Let us now explore different types of sink in detail.
Types of Flume sink
1. HDFS sink
The HDFS sink writes flume events into the HDFS. The file formats supported by the HDFS sink are text files and sequence files. It provides support for compression in both file types.
Based on the elapsed time or number of events or size of data, files can be rolled which means closing the current file and creating a new one. We can also use Hive concepts like bucketing, partitioning data by attributes in it.
The HDFS directory path may sometimes contain formatting escape sequences. These escape sequences will be replaced by this sink for generating a directory or file name that stores the events.
For using the HDFS sink we require Hadoop to be installed. Flume uses Hadoop jars for communicating with the HDFS cluster.
Note: The Hadoop version must support the sync() call.
Some of the configuration property for HDFS sink are:
Property Name | Default Value | Description |
channel | – | Specify the channels through which an event travels. |
type | – | It specifies the component type. It must be hdfs. |
hdfs.path | – | It specifies the HDFS directory path. For eg, hdfs://namenode/flume/webdata/ |
hdfs.filePrefix | FlumeData | It specifies the name prefixed to the files created by Apache Flume in the HDFS directory. |
hdfs.fileSuffix | – | It specifies the suffix to append to file. For eg, .avro |
hdfs.inUsePrefix | – | It specifies the prefix that is used for the temporary files that flume actively writes into. |
hdfs.inUseSuffix | .tmp | It specifies the suffix that is used for the temporary files that flume actively writes into. |
hdfs.rollInterval | 30 | It specifies the number of seconds to wait before rolling the current file. If it is equal to 0 then it means never roll based on the time interval. |
hdfs.rollSize | 1024 | It specifies the file size to trigger roll, in bytes. If it is equal to 0 then it means never roll based on file size. |
hdfs.rollCount | 10 | It specifies the number of events written to the file before it rolled. If it is equal to 0 then it means never roll based on the number of events. |
hdfs.idleTimeout | 0 | It specifies the timeout after which inactive files get closed. If it is equal to 0 then it means disabling automatic closing of idle files. |
hdfs.batchSize | 100 | It specifies the number of events written to file before it is flushed to HDFS. |
hdfs.fileType | SequenceFile | It specifies the File format. File formats that are currently supported are SequenceFile, DataStream or CompressedStream. The DataStream will not compress the output file and please don’t set codeC. The CompressedStream requires set hdfs.codeC with an available codeC |
hdfs.maxOpenFiles | 5000 | It specifies the number of files allowed to be open. The oldest file is closed if this number is exceeded. |
hdfs.round | false | It specifies should the timestamp be rounded down. If it is set to true then it affects all time-based escape sequences except %t |
hdfs.roundValue | 1 | Rounded down to the highest multiple of this (in the unit configured using hdfs.roundUnit), less than the current time. |
hdfs.roundUnit | second | It specifies the unit of the round down value. It can be second, minute or hour |
Example for the agent named agent1, sink sk1, and channel ch1:
agent1.channels = ch1 agent1.sinks = sk1 agent1.sinks.sk1.type = hdfs agent1.sinks.sk1.channel = ch1 agent1.sinks.sk1.hdfs.path = /flume/events/%y-%m-%d/%H%M/%S agent1.sinks.sk1.hdfs.filePrefix = events- agent1.sinks.sk1.hdfs.round = true agent1.sinks.sk1.hdfs.roundValue = 10 agent1.sinks.sk1.hdfs.roundUnit = minute
This above configuration rounds down the timestamp to the last 10th minute.

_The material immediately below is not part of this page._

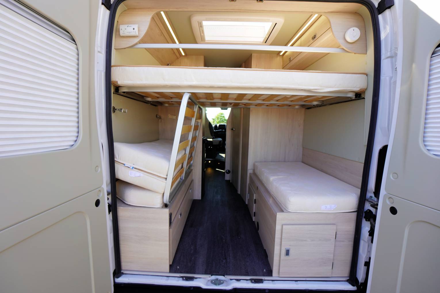 • Rear double bunk beds (the top bunk can be removed if not required)

For example, a flume event with the timestamp 11:44:34 AM, April 08, 2020, will cause the hdfs path to become /flume/events/2020-04-08/1140/00.
2. Hive sink
The Hive sink streams flume events containing delimited text or JSON data directly into the Hive table or partition. The Flume Events are written using Hive transactions.
As soon as a set of flume events are committed to Hive, they become immediately visible to Hive queries. We can either pre-create or optionally Flume can create the partitions to which the Flume will stream to if they are missing.
Fields from incoming flume event data are mapped to the corresponding columns in a table in Hive.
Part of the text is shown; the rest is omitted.